Cell Phone Users ‘Putting Their Health At Risk’, Claims Swedish Doctor
April 2, 1998
Mobile phone users are putting their health at risk if they make calls lasting more than two minutes, a new study has revealed.
Symptoms such as fatigue, headaches and burning sensations on the skin increase significantly during longer calls, reports The Express.

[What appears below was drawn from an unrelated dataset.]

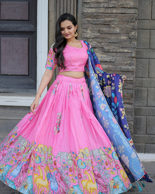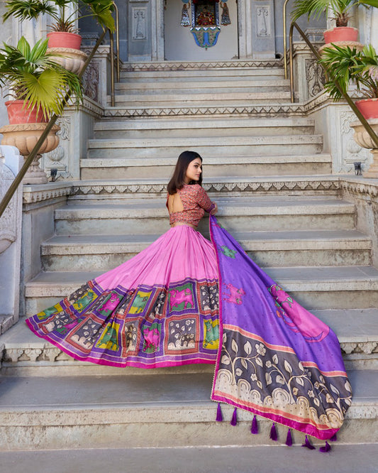 Peach Color Tussar Silk Kalamkari Printed Lehenga Choli

Swedish expert Dr. Kjell Hansson Mild studied 11,000 mobile phone users in the biggest ever survey into the potential risks. He said calls of between two and 15 minutes are twice as likely to cause headaches as those of less than two minutes. People talking on a mobile phone for more than an hour are six times more likely to suffer headaches.
The study’s findings will dismay the telecommunications industry, which insists there is no scientific evidence of any health risks among mobile phone users. But the results will add weight to scientists’ claims that microwaves from mobile phones can cause brain tumours, cancer, anxiety and memory loss.
Dr Mild is advising users to cut down the length of calls, switch to a hands-6.00 set or make longer calls from an ordinary telephone. He also wants mobiles to be redesigned to make them safer by putting the antenna at the bottom of the handset so it does not run alongside the head. ‘That way microwaves are not being emitted right next to the brain cells and there are likely to be fewer problems,’ Dr Mild told The Express.
But the Federation of Communications Services, which represents mobile phone companies, dismissed the study as ‘flawed’. A spokesman said: ‘Any increase in headaches could be attributable to other factors such as lifestyle.’